### ASSIGNMENT
Output the span of lines from the one that contains "After the avulsion" through the end of the records, inclusive, exactly as written and free of pictures.

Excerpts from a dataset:
____________________

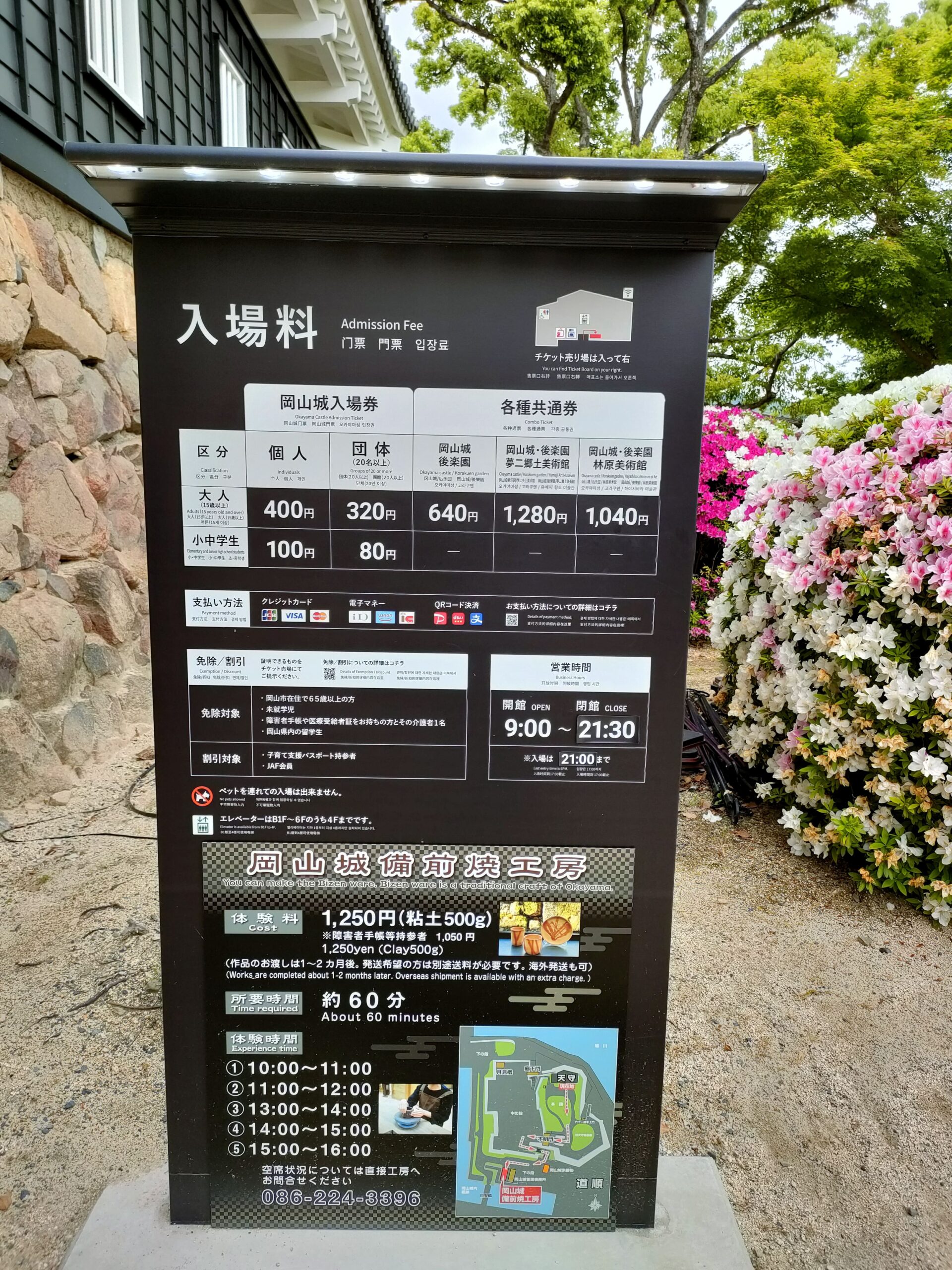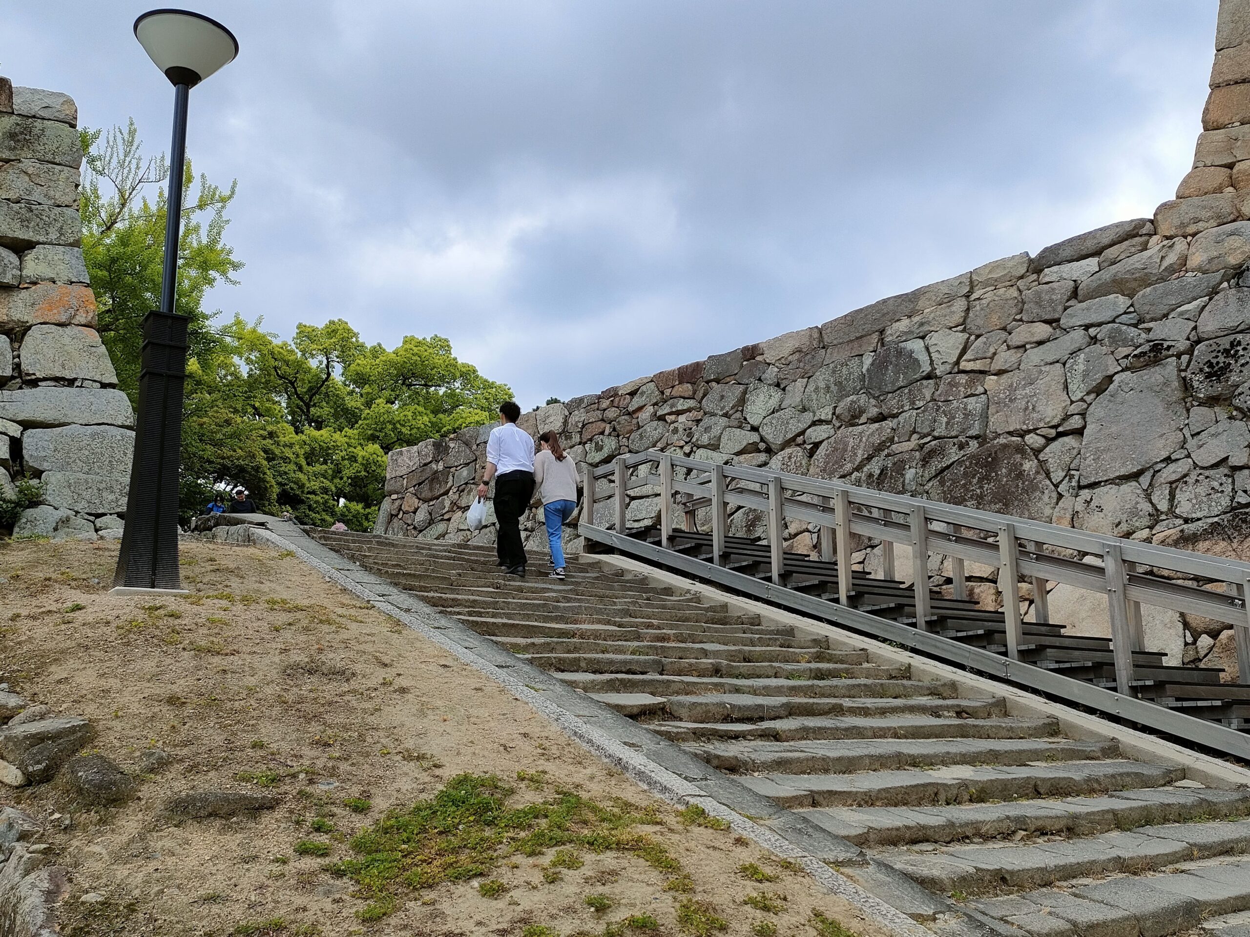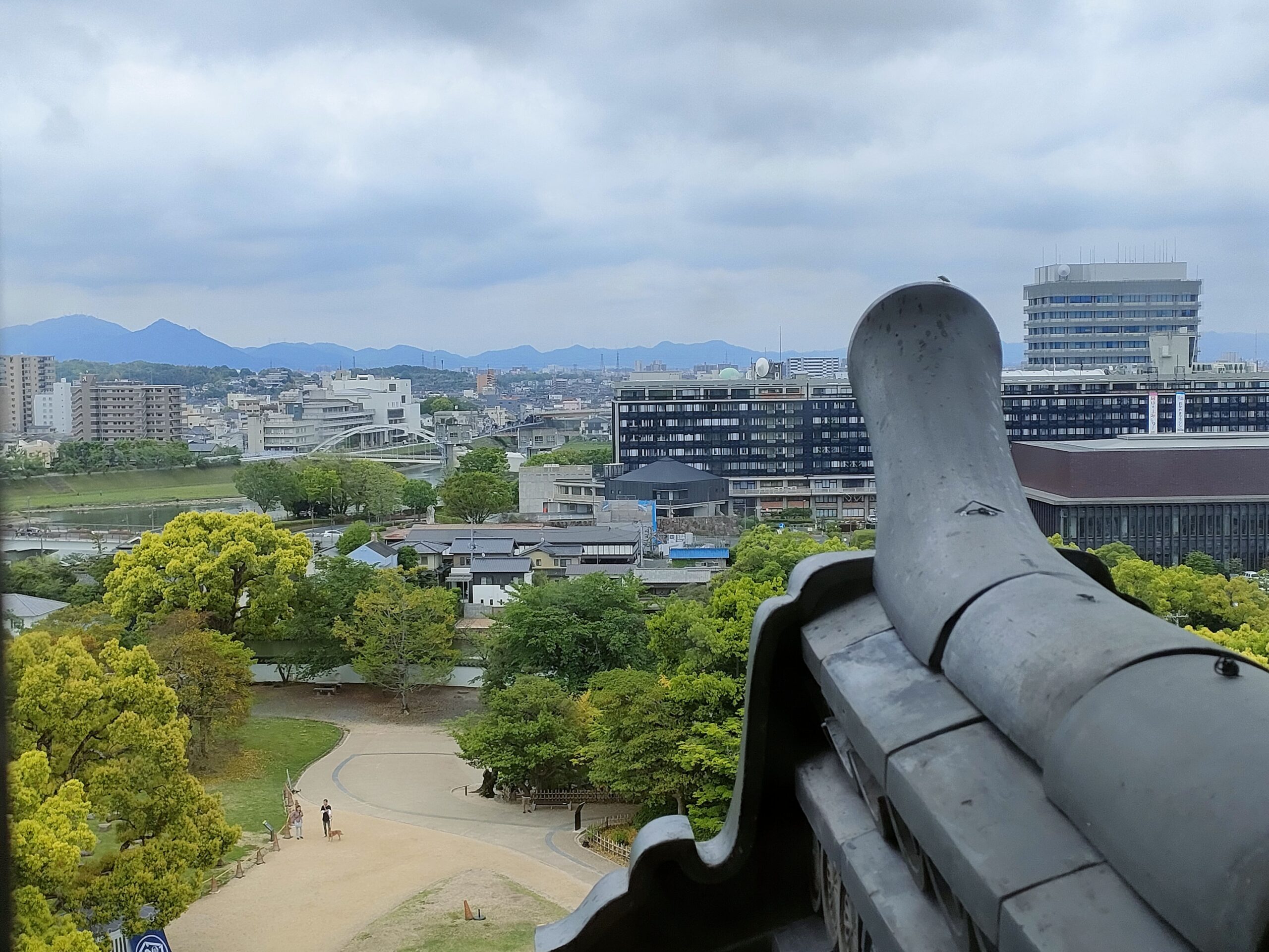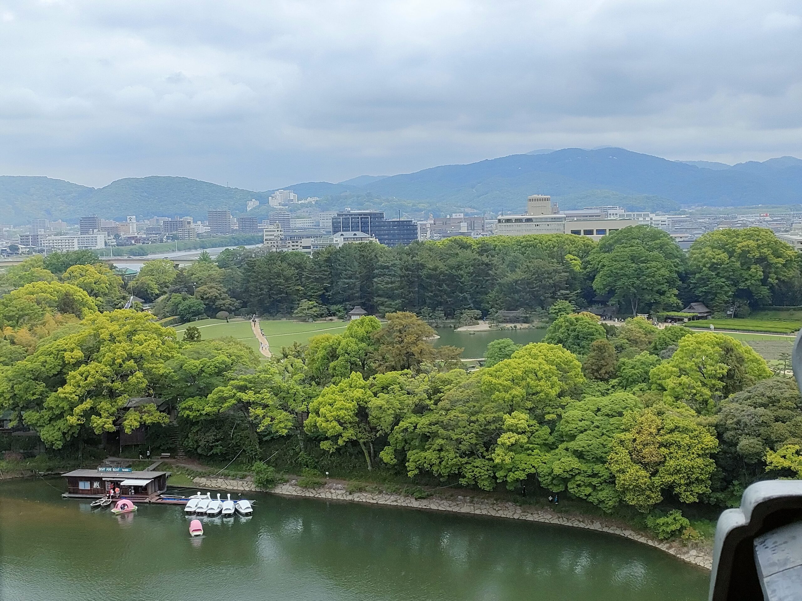 曇り空の下、岡山城を訪れました。岡山城では大丈夫だった雨も、お隣の後楽園を散策することには大雨に。傘をさしながらの散歩となってしまいました。岡山城は期待していた通りのかっこよさでした。黒を基調とした外観は、松本城などと同様に渋さというか重厚さというか、重みを感じます。
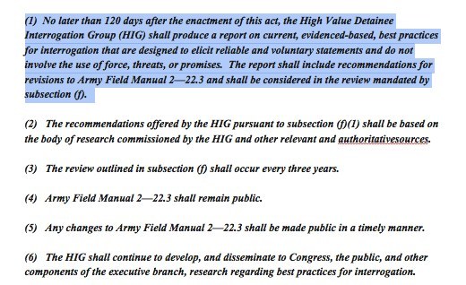 “Early on there was an idea that future revisions [of the Field Manual] would be informed by research and the HIG,” said one person with knowledge of the situation, who was not authorized to speak on the matter. House lawmakers, though, balked at the HIG’s involvement, and the decision was made to sacrifice the language in order to get the larger anti-torture statute through, they said.
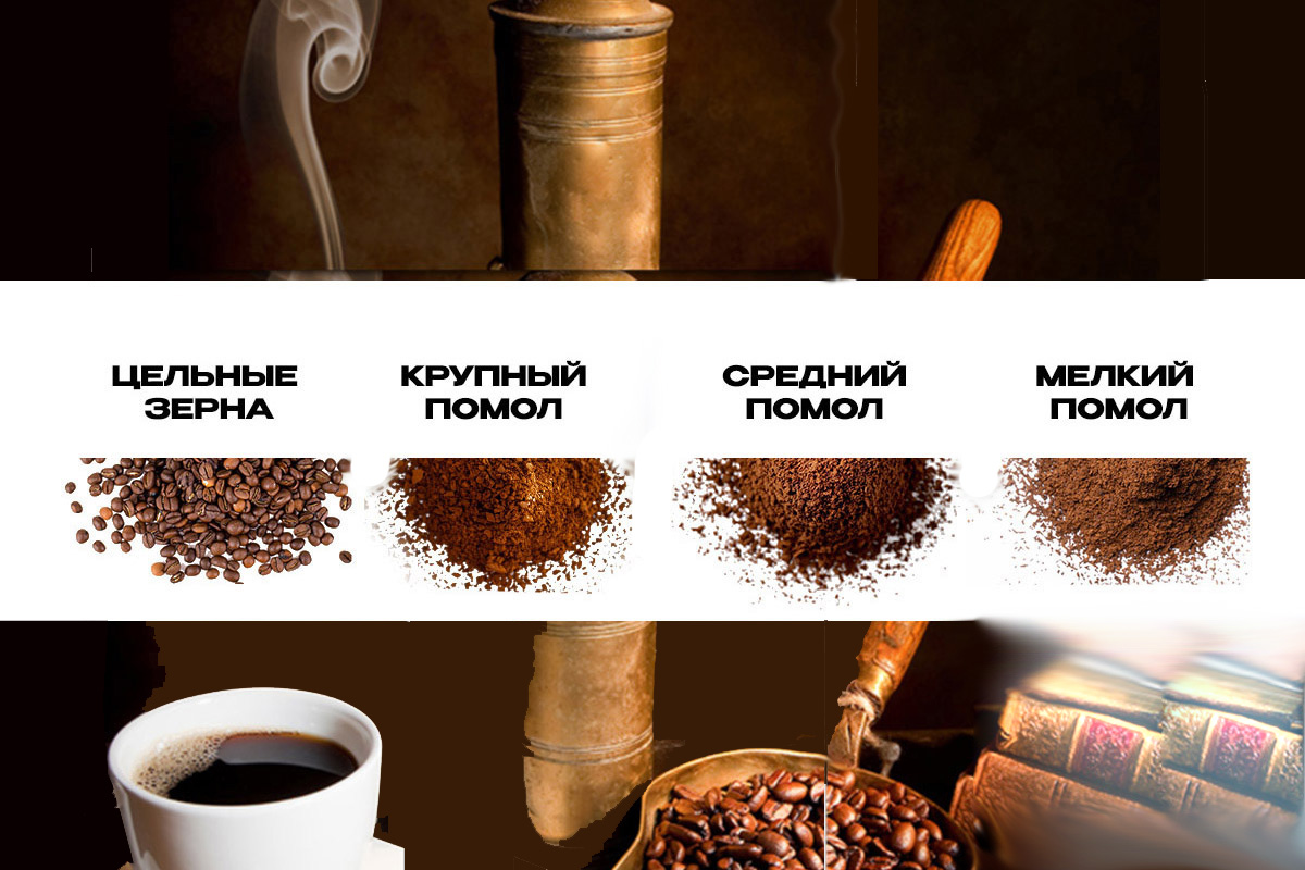 Степени помола и их влияние на вкус и аромат кофе зависят от степени измельчения зерен. Основные виды помола:
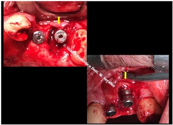 After the avulsion and careful dressing (toilette) of the surgical site, 2 implants were inserted, a standard 3.75 di 13mm and a 2s implant for the crestal Sinus Lift (Yellow arrow in figure 15).
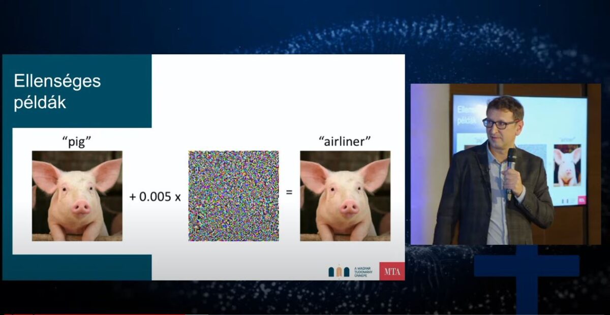 Magát a programozást is hívhatjuk gépnek, hiszen a művelet során az ember utasításokat ad, amit aztán a számítógép végrehajt. A program működési elvét az ember érti, hiszen ő írja. A mélytanulás azonban jelentősen különbözik ettől, mivel ott az ember létrehoz egy gépet, amely viszont már önmagától fejlesztget egy újabb rendszert, és az hajtja végre a feladatot. Ráadásul a tanulás folyamata függ egy hatalmas adatgyűjteménytől, az úgynevezett tanuló halmaztól is, amelyet mi emberek nem látunk át, hangsúlyozta Szegedy. Ettől aztán távolabb kerülünk a végeredménytől is, sokkal kevesebb kontrollunk van a mélytanulási rendszer viselkedése felett, mint a sima programozás esetében, gyakran nem tudjuk, hogy a gép mit, miért csinál, megjelenik az úgynevezett Feketedoboz-szerű viselkedés. Ebből következik, hogy ezeknek a rendszereknek a működésével együtt jár egyfajta tökéletlenség, megtéveszthetőség. Szegedy itt egy vizuális példát mutatott be, amelyben az látható, hogy egy sertés képét bizonyos mértékű – emberi szemnek láthatatlan – zajjal komibnálva a képfelismerő MI-rendszer az állatot repülőgépként azonosította. Könnyen belátható, hogy például kritikus feladatokat ellátó rendszerek esetén miért okozhat nagy gondot egy hasonló tévedés.
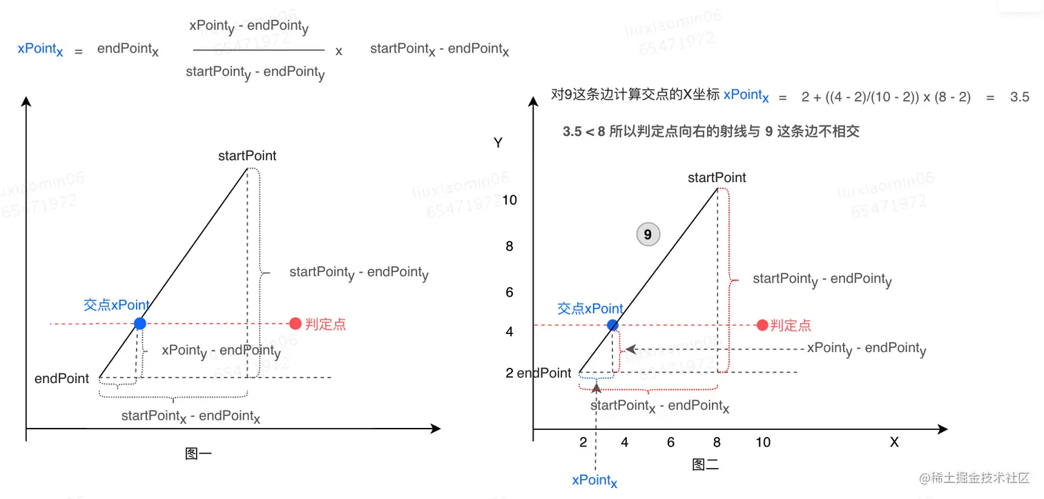 计算公示如下图一,同时我们以 9 这条边为例判断其是否与判定点向右的射线相交如下图二。

____________________

### EXERCISE RESPONSE
 After the avulsion and careful dressing (toilette) of the surgical site, 2 implants were inserted, a standard 3.75 di 13mm and a 2s implant for the crestal Sinus Lift (Yellow arrow in figure 15).
 Magát a programozást is hívhatjuk gépnek, hiszen a művelet során az ember utasításokat ad, amit aztán a számítógép végrehajt. A program működési elvét az ember érti, hiszen ő írja. A mélytanulás azonban jelentősen különbözik ettől, mivel ott az ember létrehoz egy gépet, amely viszont már önmagától fejlesztget egy újabb rendszert, és az hajtja végre a feladatot. Ráadásul a tanulás folyamata függ egy hatalmas adatgyűjteménytől, az úgynevezett tanuló halmaztól is, amelyet mi emberek nem látunk át, hangsúlyozta Szegedy. Ettől aztán távolabb kerülünk a végeredménytől is, sokkal kevesebb kontrollunk van a mélytanulási rendszer viselkedése felett, mint a sima programozás esetében, gyakran nem tudjuk, hogy a gép mit, miért csinál, megjelenik az úgynevezett Feketedoboz-szerű viselkedés. Ebből következik, hogy ezeknek a rendszereknek a működésével együtt jár egyfajta tökéletlenség, megtéveszthetőség. Szegedy itt egy vizuális példát mutatott be, amelyben az látható, hogy egy sertés képét bizonyos mértékű – emberi szemnek láthatatlan – zajjal komibnálva a képfelismerő MI-rendszer az állatot repülőgépként azonosította. Könnyen belátható, hogy például kritikus feladatokat ellátó rendszerek esetén miért okozhat nagy gondot egy hasonló tévedés.
 计算公示如下图一,同时我们以 9 这条边为例判断其是否与判定点向右的射线相交如下图二。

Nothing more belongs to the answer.